Resnet50: The features are extracted using the Resnet50. The Resnet50 is a CNN architecture that uses CNN blocks multiple times. The challenge of training deepnet works can be addressed by the introduction of the residual blocks. The Transfer Learning model has a predefined shape. The predefined shape of Resnet50 is 1 × 3 × 224 × 224 where 1 is the batch size, 3 is a number of channels, 224 is the image width and the other 224 is the image height. There is a direct connection that skips some of the model’s layers. The skip connection is known as the heart of residual blocks. The output is not the same because of this skip connection. The input is multiplied by the layer’s weights and then the bias term is added without skip connection. Therefore, the input dimension may differ from the output dimension when a convolutional layer or pooling layers are used. The Batch normalization is done followed by each convolutional layer of the Resnet50 model. The skip connections of Resnet50 solve the vanishing gradient problem. Additionally, regularization will be used to skip those layers, if any layer affects the performance of the model. The Resnet50 architecture is shown in Figure 3.

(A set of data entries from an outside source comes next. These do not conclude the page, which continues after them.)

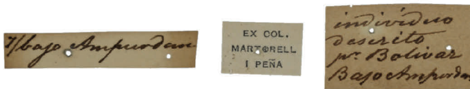
Etiquetas originales del sintipo MZB 74-5125.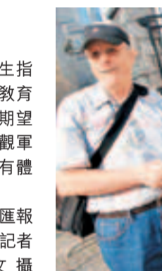
外籍人士亦前來領取門券。 香港文匯報記者彭子文攝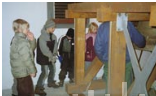
Minikonfirmander besøger Grene kirkes tårn

Vi kommer omkring nogle af livets store spørgsmål såsom livets begyndelse og slutning. Vi snakker om, hvorfor vi fejrer jul, påske og pinse.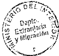
PATRICIA VASQUEZ SEPULVEDA SECCION VISAS

CDH/PVS/bm [323] 06/12/2010 Distribución: 1.- Policía Internacional 2.- Archivo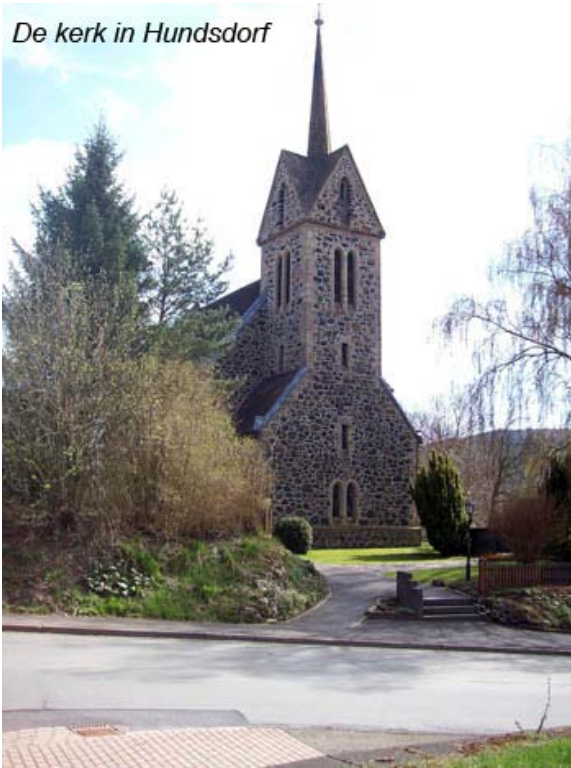
De kerk in Hundsdorf

Op een gegeven moment vlakt de hellingshoek weer af en hebben we een redelijk vlakke wandeling. We komen op een kruising en gaan hier rechtdoor. Op dit pad passeren we op een gegeven moment aan onze rechterhand een paar belangrijke bronnen.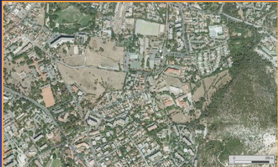
Quartier Ste.-Marguerite (9e arr.)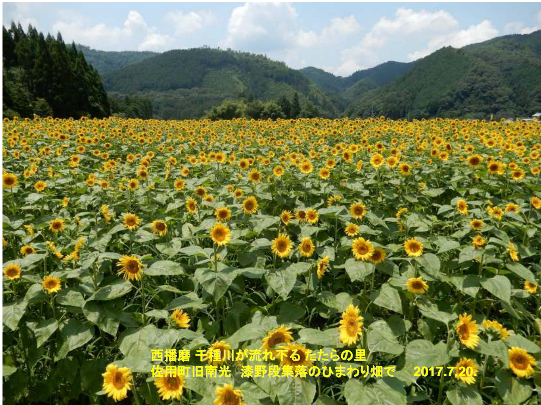
西播磨 千種川が流れ下る たたらノ里 佐用町旧南光 漆野段集落のひまわり畑で 2017.7.20.

Long Short Term Memory (LSTM): The text features of the question posed is extracted using LSTM. The LSTMs are artificial neural networks applied in artificial intelligence and deep learning. A LSTM model is also a recurrent neural network that can learn long-term dependencies of data. The model has a recurring module that has a combination of four layers interacting with one another. The cell state information in LSTM regulates the gate. The LSTM has two mechanisms namely the forget mechanism and the saving mechanism.

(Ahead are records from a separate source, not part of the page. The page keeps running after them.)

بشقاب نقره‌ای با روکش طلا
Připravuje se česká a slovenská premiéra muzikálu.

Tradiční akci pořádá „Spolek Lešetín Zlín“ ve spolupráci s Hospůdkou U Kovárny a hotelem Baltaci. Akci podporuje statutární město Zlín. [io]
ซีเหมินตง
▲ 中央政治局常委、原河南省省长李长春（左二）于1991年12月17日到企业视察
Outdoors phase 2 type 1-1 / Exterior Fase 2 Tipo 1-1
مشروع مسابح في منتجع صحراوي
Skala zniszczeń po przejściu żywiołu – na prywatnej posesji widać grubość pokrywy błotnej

The forget mechanism forgets insignificant information that is not worth remembering. The saving mechanism saves important information which will be helpful in the future. Figure 4 represents the architecture of LSTM. The unit LSTM has the ability to remember information over time intervals of any length. A forget gate is responsible for removing information that is not important from the cell state. The architecture of LSTM model is shown in Figure 4.

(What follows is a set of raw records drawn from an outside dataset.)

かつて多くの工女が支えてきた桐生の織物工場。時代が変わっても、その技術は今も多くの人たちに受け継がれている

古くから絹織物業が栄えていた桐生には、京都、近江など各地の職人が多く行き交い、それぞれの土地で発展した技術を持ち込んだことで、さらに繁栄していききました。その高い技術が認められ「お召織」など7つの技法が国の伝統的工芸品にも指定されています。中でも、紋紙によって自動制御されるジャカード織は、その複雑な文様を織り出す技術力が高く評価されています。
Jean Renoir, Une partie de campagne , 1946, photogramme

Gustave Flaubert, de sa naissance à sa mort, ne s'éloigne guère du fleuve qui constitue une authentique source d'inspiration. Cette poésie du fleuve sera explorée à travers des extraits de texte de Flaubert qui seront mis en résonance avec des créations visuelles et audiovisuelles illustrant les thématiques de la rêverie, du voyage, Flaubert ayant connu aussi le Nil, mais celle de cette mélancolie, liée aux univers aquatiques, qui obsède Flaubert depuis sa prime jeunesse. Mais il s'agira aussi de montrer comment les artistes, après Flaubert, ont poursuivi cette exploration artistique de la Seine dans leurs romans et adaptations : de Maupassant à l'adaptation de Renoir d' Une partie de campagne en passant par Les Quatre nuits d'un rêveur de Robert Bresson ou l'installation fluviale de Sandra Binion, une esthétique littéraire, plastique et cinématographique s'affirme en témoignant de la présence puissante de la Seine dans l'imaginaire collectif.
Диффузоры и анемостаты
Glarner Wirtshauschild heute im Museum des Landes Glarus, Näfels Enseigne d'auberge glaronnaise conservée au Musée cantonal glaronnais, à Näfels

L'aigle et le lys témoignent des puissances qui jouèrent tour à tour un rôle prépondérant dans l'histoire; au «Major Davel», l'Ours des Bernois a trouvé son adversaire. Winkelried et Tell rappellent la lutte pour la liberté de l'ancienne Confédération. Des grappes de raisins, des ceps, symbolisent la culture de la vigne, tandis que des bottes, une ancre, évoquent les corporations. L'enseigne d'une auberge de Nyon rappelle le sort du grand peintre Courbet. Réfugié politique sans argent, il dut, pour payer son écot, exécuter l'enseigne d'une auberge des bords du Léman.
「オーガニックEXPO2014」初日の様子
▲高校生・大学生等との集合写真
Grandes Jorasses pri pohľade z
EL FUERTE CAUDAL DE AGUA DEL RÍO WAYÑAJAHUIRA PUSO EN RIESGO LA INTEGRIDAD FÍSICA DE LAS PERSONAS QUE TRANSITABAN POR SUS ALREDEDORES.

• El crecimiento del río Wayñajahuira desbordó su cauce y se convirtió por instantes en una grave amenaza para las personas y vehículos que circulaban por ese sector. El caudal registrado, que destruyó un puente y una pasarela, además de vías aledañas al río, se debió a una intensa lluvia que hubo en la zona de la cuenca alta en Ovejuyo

Figure 3. Resnet50 architecture [22]
Figure 4. LSTM architecture [23]
4.1 Dataset
The dataset used is VQA v1.0 dataset obtained from Kaggle (https://www.kaggle.com/datasets/dmytruto/vqa-abstract-scenes). The benchmark dataset has three parts for training namely the image folder, questions file, and the answer file.
The questions and answers are stored in JSON format. The images are saved in .png format. A total of 6K images are used for training the model. There is a total of 15K questions present in the question file. The question file contains 3 fields namely question, question id, and image id. The answer file contains 5 fields namely image id, answer type, question id, question type, and answer. Most of the question length is 5 to 7 words and the maximum length of a question is 18 words. A very large proportion of the responses are yes/no, other than that the most common response consists of either colors or numbers.
4.2 Result analysis
Data analysis: The exploratory data analysis summarizes the main characteristics of data sets by analyzing them, often using visual methods. The count of words in the question is visualized as shown in Figure 5. Most of the question length is 5 to 7 words. The count of the top 20 answer classes is shown in Figure 6. The Boxplot representation for Question length is shown in Figure 7. The 50% of the questions contain 5 to 7 words. The majority of the questions are less than 10 words, with only few exceeding that limit.
Figure 5. Word count of question
Figure 6. Count of top 20 answer classes
Figure 7. Boxplot for question length
4.3 Performance metrics
Accuracy: The accuracy is used to find the ratio of accurately predicted tuples to the total tuples.
Accuracy = (true positive+ true negative) / total tuples
Precision: The precision calculates the ratio of the number of true positives to the total number of predicted positives and is also called exactness.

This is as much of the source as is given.